[Provided entries — start]
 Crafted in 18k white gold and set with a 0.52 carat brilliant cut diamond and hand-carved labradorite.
[Provided entries — finish]
[Provided entries — start]
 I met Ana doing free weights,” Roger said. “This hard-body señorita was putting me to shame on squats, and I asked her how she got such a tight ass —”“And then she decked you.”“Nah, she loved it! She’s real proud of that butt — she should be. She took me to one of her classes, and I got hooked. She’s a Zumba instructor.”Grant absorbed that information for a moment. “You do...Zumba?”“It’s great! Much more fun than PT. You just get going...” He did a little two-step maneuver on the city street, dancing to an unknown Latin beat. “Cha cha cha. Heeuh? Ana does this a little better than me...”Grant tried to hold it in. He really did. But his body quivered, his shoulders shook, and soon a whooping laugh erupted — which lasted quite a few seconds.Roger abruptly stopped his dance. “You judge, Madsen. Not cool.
[Provided entries — finish]
[Provided entries — start]
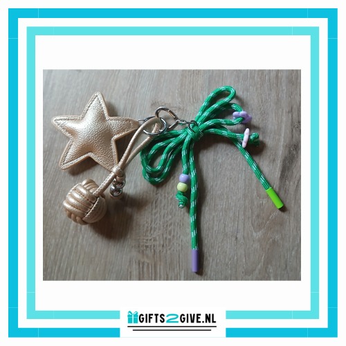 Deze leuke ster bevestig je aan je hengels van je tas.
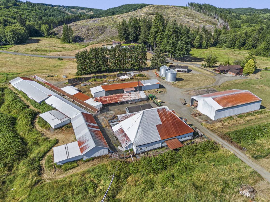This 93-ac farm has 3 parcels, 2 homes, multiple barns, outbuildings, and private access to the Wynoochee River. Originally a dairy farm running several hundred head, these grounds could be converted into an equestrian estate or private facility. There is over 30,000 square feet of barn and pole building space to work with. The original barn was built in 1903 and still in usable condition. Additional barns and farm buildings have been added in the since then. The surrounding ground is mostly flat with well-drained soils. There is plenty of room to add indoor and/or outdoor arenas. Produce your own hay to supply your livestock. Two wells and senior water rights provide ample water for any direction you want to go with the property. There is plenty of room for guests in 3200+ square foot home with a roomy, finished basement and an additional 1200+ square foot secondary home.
[Provided entries — finish]
* [Task requirements]
Copy word for word the lines above, starting at the line containing "Deze leuke ster" and ending at the line containing "This 93-ac farm", inclusive, with no pictures.

* [Response area]
 Deze leuke ster bevestig je aan je hengels van je tas.
This 93-ac farm has 3 parcels, 2 homes, multiple barns, outbuildings, and private access to the Wynoochee River. Originally a dairy farm running several hundred head, these grounds could be converted into an equestrian estate or private facility. There is over 30,000 square feet of barn and pole building space to work with. The original barn was built in 1903 and still in usable condition. Additional barns and farm buildings have been added in the since then. The surrounding ground is mostly flat with well-drained soils. There is plenty of room to add indoor and/or outdoor arenas. Produce your own hay to supply your livestock. Two wells and senior water rights provide ample water for any direction you want to go with the property. There is plenty of room for guests in 3200+ square foot home with a roomy, finished basement and an additional 1200+ square foot secondary home.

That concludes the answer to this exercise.